Daha önce yapılıp da arzulanan sonucu vermeyen politikaların daha fazlasını yapmak merkez bankalarına itibar kaybettirecek. Bunun farkındalar. Buna karşılık, ekonomilerin daha da kötüye gittiği bir ortamda merkez bankalarının "bizim elimizden daha fazlası gelmiyor" demeleri de sisteme olan güveni daha da sarsacak. Bunun da farkındalar. Dolayısıyla, "işler daha da kötüleşirse, elimizde gerekli araçlar var" gibi demeçler veriyorlar. Şapkadan tavşan çıkarabileceklerini ima ediyorlar. Gerçekten de, merkez bankaları şapkadan tavşan çıkarabilirler, ama şapkadan çıkan tavşan ne yapabilir? Sorun burada.
Avrupa'da da, Amerika'da da sorunların kökeninde uygulanan politikalara güvensizlik var. İki kıtada da politikacılar, piyasaların kendilerinden bekledikleri radikal ve tutarlı kararları alıp uygulamaya koyamıyorlar. Para politikası yoluyla günü kurtarmak kötünün iyisi olarak görülüyor. O nedenle merkez bankalarına "para bas" çığlıkları daha sık tekrarlanıyor.

ENFLASYONA DAVET
Enflasyon olgusu hep siyasi mekanizmanın "günü kurtarma" peşinde olmasından kaynaklanmıştır. Bugün Amerika'da ve Avrupa'da enflasyon olgusu henüz yaşanmıyorsa, bunun nedeni çok büyük ölçüde merkez bankalarının göreli itibarının yüksek olmasıdır. Ekonomik birimler göründe merkez bankalarının itibarı da siyasetçilerin düzeyine indiğinde, iki kıtada da yüksek enflasyon yaşanması şaşırtıcı olmaz.

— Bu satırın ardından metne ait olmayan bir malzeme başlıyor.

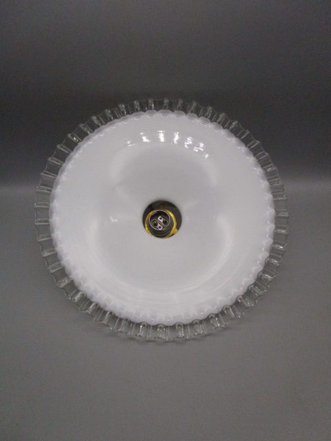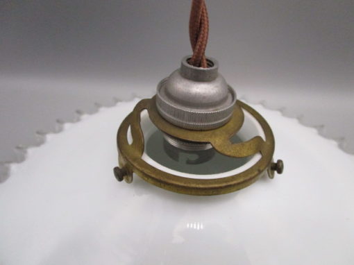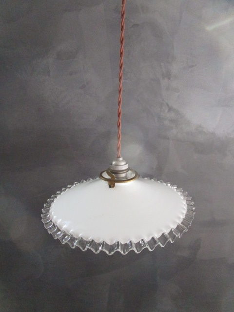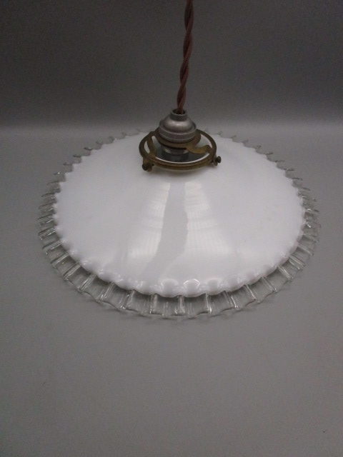 Suspension ancienne en opaline blanche et rebord juponné transparent, en très bon état, électricité refaite, fournie sans ampoule, fil de 45cm. Diamètre: 25.5cm.

Para politikası yapabileceğini yaptı. Fazla bir şey de yapamadı. Bu da doğaldı. Maliye politikalarının yapabileceklerini para politikası yoluyla becermeye çalışmanın bir sonuç vermeyeceğini herkes biliyor. Bilindiği halde, günü kurtarma adına merkez bankaları üzerine baskı koymak enflasyona davet çıkarmaktan başka bir anlama gelmez. Dolayısıyla, merkez bankalarının daha ne kadar üzerlerindeki baskıya dayanabilecekleri Avrupa ve Amerika'da enflasyonun ne zaman yükselmeye başlayacağını belirleyecek.